In the case of renewable energy, forecasting models can be divided into three types; measured data of renewable energy generation systems, historical measured data of explanatory variables including weather parameters such as temperature, humidity, pressure and other climate factors [34]. In addition, there are hybrid forecasting methods with integration of machine learning algorithms and numerical weather prediction. Since renewable energy is highly dependent on weather parameters and climate conditions, it is a challenge to reduce forecasting error, capture rapid changes in the power output and calculate net loads from DER [35]. Therefore, a reliable forecasting model helps decreasing mismatches between the power contracted and actual delivery, which lead to less capital and operation cost [35,36].
Because of the high capability of regression, artificial intelligence techniques are recently used in renewable energy and power system forecasting field [34]. Machine learning methods have been proposed in the control strategy of power systems, which suggested an intelligent framework [37]. To minimize forecasting errors occurred by a nonlinear relationship between input and output, support vector machine, artificial neural network, extreme learning machine and adaptive fuzzy neural network were frequently selected for forecasting solar radiation [38] and wind speed [39,40].
As mentioned above, there is little to be studied considering the impact of battery degradation to PV-ESS operation in the case of charging and discharging the battery at the different SOC ranges. This research aims to provide the method that incorporates partial cycles at the different SOC ranges for the technical assessment.

3. Methodologies of PV Generation Forecasting

3.1. Input Data Collection and Preprocessing

Forecasting models for predicting PV generation are essential to schedule the ESS operation to maximize charging PV generation. For developing those models, exogenous inputs such as weather, solar radiation, and integrated system data are required to estimate potential power from PV generation and determine the ESS schedule during the next 24 hours.
In general, atmosphere temperature, relative humidity and cloud cover are highly relevant elements to PV generation. In this study, weather forecasts from the Korea Meteorological Administration (KMA) which manages the official records of Korea’s meteorological data are used for PV generation forecasting. To increase the accuracy of the model results, weather dataset from the close weather station should be included in the model. Among various types of weather forecast data, relevant factors should be selected as input variables considering correlation with PV generation.
In South Korea, the KMA provides 12 forecast elements 8 times per day by Dong-Nae Forecast [41]. However, they do not provide the solar irradiance forecast which is the most essential for PV generation forecasting. Thus, the ASHRAE Clear-Sky model is used exogenously to estimate the solar radiation where the PV generator is located [42].
In particular, the presence of clouds affects the value of radiation on the earth’s surface which leads to uncertainty of forecasting. Following the cloud amount, the sky condition can be represented by 4 groups following 10 scales of cloud amount; ‘clear’ (0 ≤ cloud amount ≤ 2), ‘partly cloudy’ (3 ≤ cloud amount ≤ 5), ‘mostly cloudy’ (6 ≤ cloud amount ≤ 8) and ‘cloudy’ (9 ≤ cloud amount ≤ 10).

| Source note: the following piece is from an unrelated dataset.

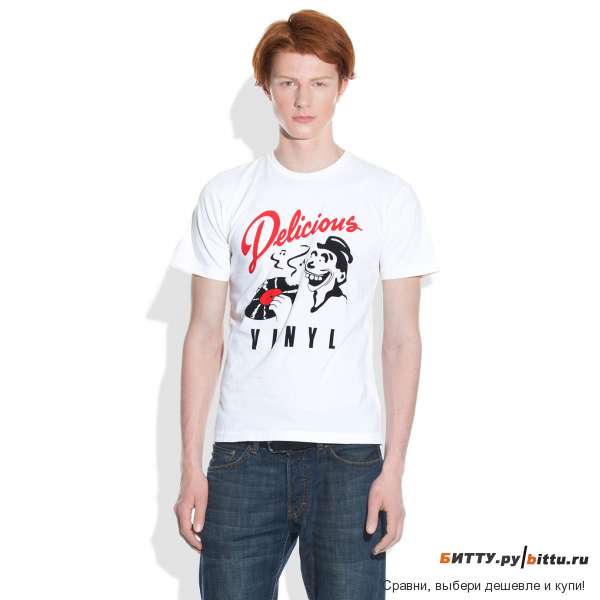 Повседневная футболка с оригинальным принтом и надписью "VINYL". Прямой крой.
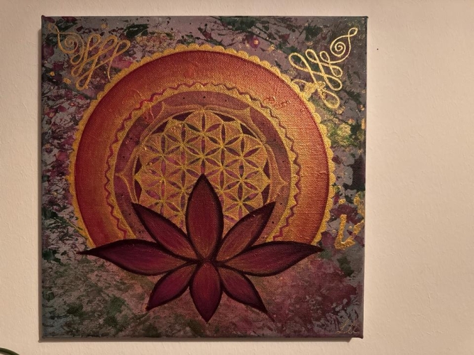 Ich biete hier ein kraftvolles strahlendes Energiebild mit der Blume des Lebens, einer Lotusblume und in den oberen Ecken je einem Unalome Symbol.

3.2. Solar Irradiance Estimation

Global Hourly Irradiance (GHI) can be calculated using different models such as the empirical model, statistical model and advanced computational model based on artificial neural networks (ANN) [43]. Because clouds can block the sun’s rays and affect PV generation with uncertainty, estimating the radiation is complex [44]. However, the KMA is providing only 3-hour interval weather forecasts and solar radiation forecast which is one of the most essential for PV generation analysis, is not included. Therefore, the ASHRAE Clear-Sky model is used to estimate the radiation. The model is a type of parametric model offering a relatively simple method and widely used in building community.
Since the estimated radiation is necessary for PV forecasting, the ASHRAE Clear-Sky model is chosen to calculate the value for the PV forecasting model input [38]. In order to design the model, environmental variables and solar geometry data should be used in the model. First of all, GHI (I) can be calculated as shown in Equation (1) [42,45]:
I = I B H + I D H + I R H
where, I B H , I D H and I R H are hourly direct beam radiation, hourly diffuse radiation and hourly reflected radiation, respectively.
Second, to get the direct beam normal to the sun’s rays ( I B ), the individual value of radiation can be calculated using the solar altitude angle (β) and two empirical coefficients (“apparent” extraterrestrial flux (A) and a dimensionless factor called the optical depth (k)) which are fitted to a trigonometric function of sine function of the day number of the year (n) as shown in (2). In addition, variables such as the hour angle (H), the latitude of the location (L) and the solar declination (δ) are used to calculate altitude angle (β) [42,45]:
I B = A e k / sin β
where,
A = 1160 + 75 × sin [ 360 365 ( n 275 ) ]
k = 0.174 + 0.0035 × s i n [ 360 365 ( n 100 ) ]
sin β = cos L cos δ cos H + sin L sin δ
And, the direct beam radiation on a horizontal surface is represented using the direct beam normal to rays ( I B ) and its altitude angle in Equation (3) [42,45]:
I B H = I B sin β
And, the diffuse radiation ( I D H ) is also expressed using I B and the diffuse sky factor (C) in Equation (4) [42,45]:
I D H = I B C
where,
C = 0.095 + 0.04 × sin [ 360 365 ( n 100 ) ]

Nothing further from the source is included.